The crystal structure of thaumatin I, a potently sweet protein isolated from the fruits of the West African shrub, Thaumatococcus danielli Benth, has been refined at a resolution better than 1·65 Å using a combination of energy minimization and stereochemically restrained least-squares methods. The final model consists of all 207 amino acids, 28 alternate amino acid conformers and 236 waters, with a crystallographic R-factor of 0·145 for 19,877 reflections having F > 4σ F between 10·0 Å and 1·65 Å ( R = 0.167 for all 24,022 reflections). The model has good stereochemistry, with root-mean-square deviations from ideal values for bond and angle distances of 0·014 Å and 0·029 Å, respectively. 74The estimated root-mean-square co-ordinate error is 0·15 Å. The current model confirms the previously reported 3·1 Å C α trace in both main chain connectivity and disulfide topology, including two disulfide bonds, that differed from the earlier reported biochemical determination.

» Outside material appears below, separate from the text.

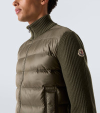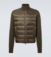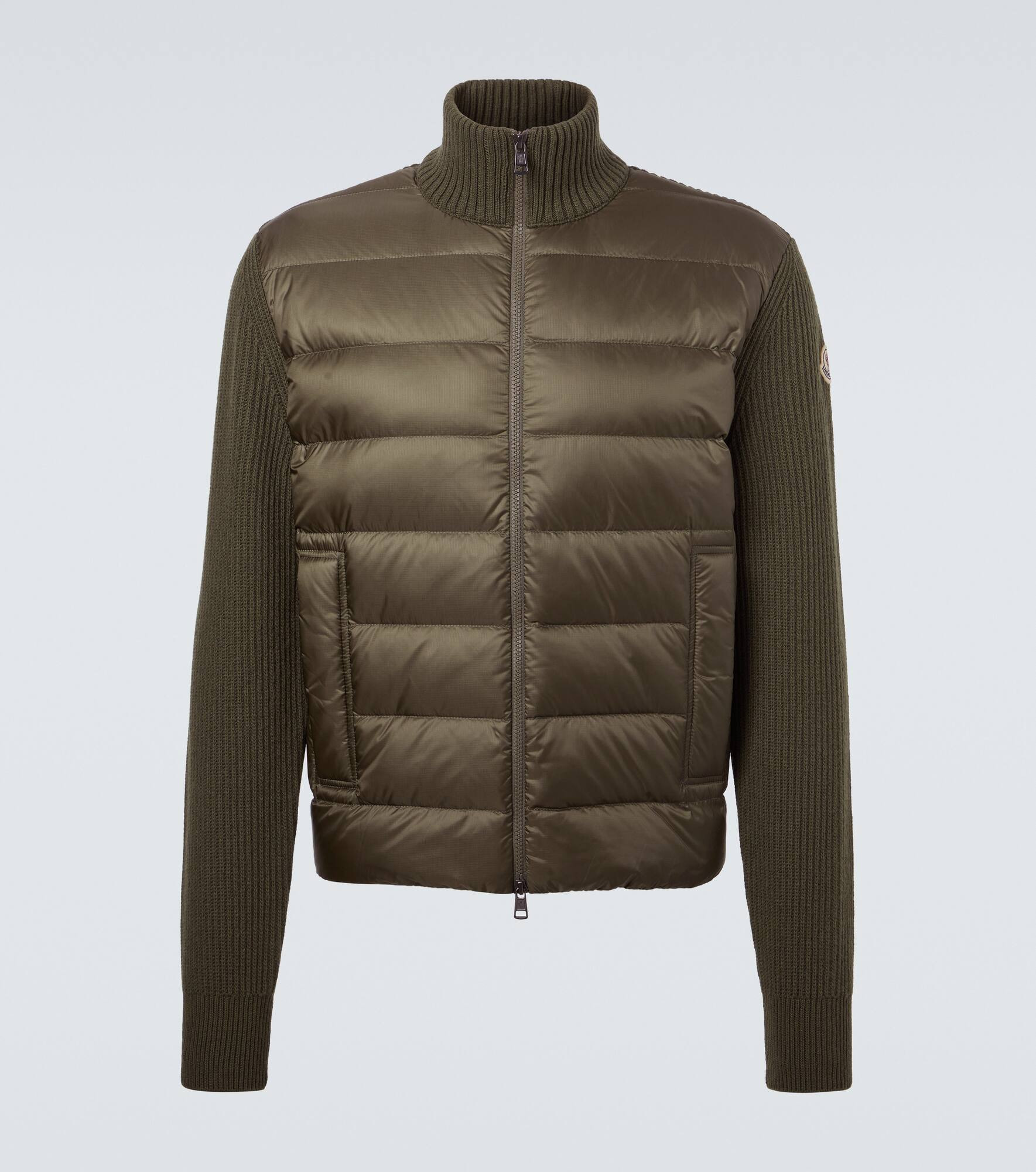 Dress for unpredictable weather with ease when sporting this jacket from Moncler. The design boasts down paneled front and is complete with ribbed knit wool and cashmere sleeves. Product Details - Material: 100% polyamide - Care instructions: dry clean - Made in Moldova - Designer color name: Olive Night - Item color: green - Material II: 90% wool, 10% cashmere - Lining: 100% polyamide - Filling: 90% down, 10% goose feathers - Pockets: zipped pockets - Closure: two-way zipped front - Contains non-textile parts of animal origin - Item number: P01088888 Size & Fit - True to size - Straight fit - Partly stretchy fabric - Falls to the hip - Height of model is 188cm-74" and wears a size L

The structure contains three domains. The core of the molecule consists of an eleven-stranded, flattened β-sandwich folded into two Greek key motifs. All β-strands in this sandwich are antiparallel except the parallel N-terminal and the C-terminal strands. The average hydrogen bond length in this sandwich is 2·89 Å, with an angle of 155·1 °. Two β-bulges are found in one of the sheets. The second domain consists of two β-strands forming a β-ribbon and connected by an ω-loop, and contains a proline residue in cis conformation. This structural motif folds back against the main sandwich to form a smaller sandwich-like structure. The third domain is a disulfide-rich region stretching away from the sandwich portion of the molecule. It contains one α-helix and three short helical fragments. Two of the helical segments are connected by an unusually sharp turn, stabilized by a disulfide bridge. One of the three disulfide bonds in this domain takes on two conformations.